A pioneering study led by the international COVID Human Genetic Effort consortium (www.covidhge.com), based on exome or genome sequencing data from 659 critically ill COVID-19 patients of various ancestries, revealed a significant enrichment in biochemically deleterious variants of the three core genes for influenza susceptibility (TLR3, IRF7 and IRF9) and ten other closely related viral genes (odds ratio (OR) = 8.28; p = 0.01) in these patients, relative to 534 subjects with asymptomatic or benign infections [16]. The genetic homogeneity underlying susceptibility to influenza and COVID-19 was not particularly surprising, given that both these conditions are respiratory infections caused by RNA viruses and transmitted by droplets and small airborne particles.

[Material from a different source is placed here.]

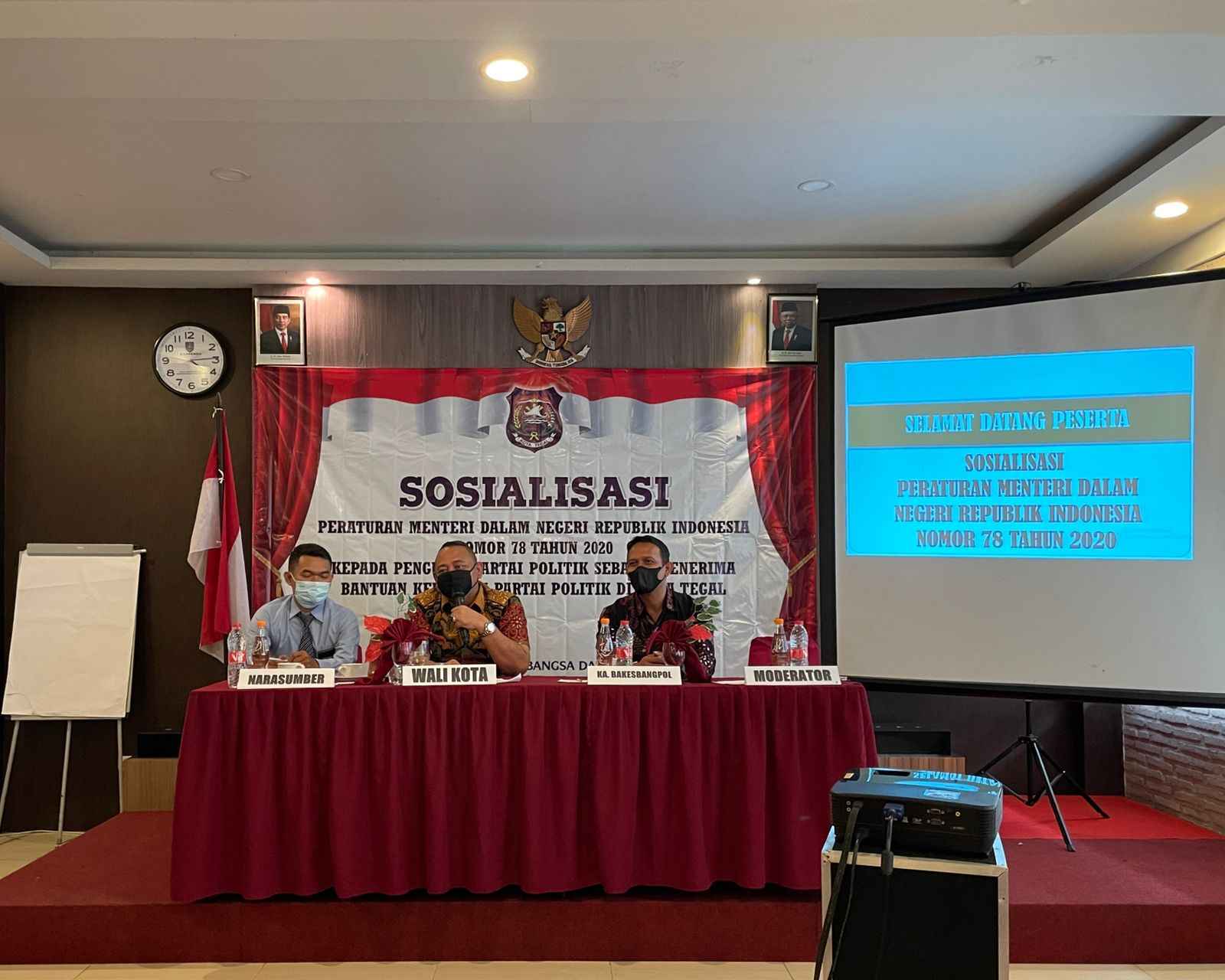 Kantor Pelayanan Pajak (KPP) Pratama Tegal dan Badan Kesatuan Bangsa dan Politik (Bakesbangpol) Kota Tegal mengadakan edukasi terkait Peraturan Menteri Dalam Negeri Republik Indonesia No 78 tahun 2020 tentang Tata Cara Penghitungan, Penganggaran dalam Anggaran Pendapatan dan Belanja Daerah, dan Tertib Administrasi Pengajuan, Penyaluran, dan Laporan Pertanggungjawaban Penggunaan Bantuan Keuangan Partai Politik serta aspek perpajakan yang wajib dilakukan ketika mendapatkan bantuan keuangan yang bersumber dari Anggaran Pendapatan Belanja Negara/Daerah (APBN/APBD) di Hotel Grand Dian Guci, Tegal (Kamis, 11/11).

Independently of influenza, the essential role of type I IFNs in COVID-19 pathogenesis was supported by the discovery that critical COVID-19 pneumonia in 16 unrelated men carrying deleterious X-linked TLR7 variants was caused by the low type I IFN production of their plasmacytoid dendritic cells in response to SARS-CoV-2 [17]. Yet, other studies have brought supporting evidence for the implication of type I IFN-independent genes as monogenic etiologies of COVID-19. For example, genetic variants in the CFTR gene, including those causing cystic fibrosis, have been found to be overrepresented among critically ill COVID-19 patients [18,19,20], consistent with previous associations of the gene with susceptibility to respiratory tract infections [21]. Likewise, a genetic polymorphism in the androgen receptor (AR) gene that correlates with low serum testosterone level has been associated with severe COVID-19 in men [22]. However, immunological and clinical data supporting the implication of these type I IFN-independent genes in COVID-19 pathogenesis remain circumstantial.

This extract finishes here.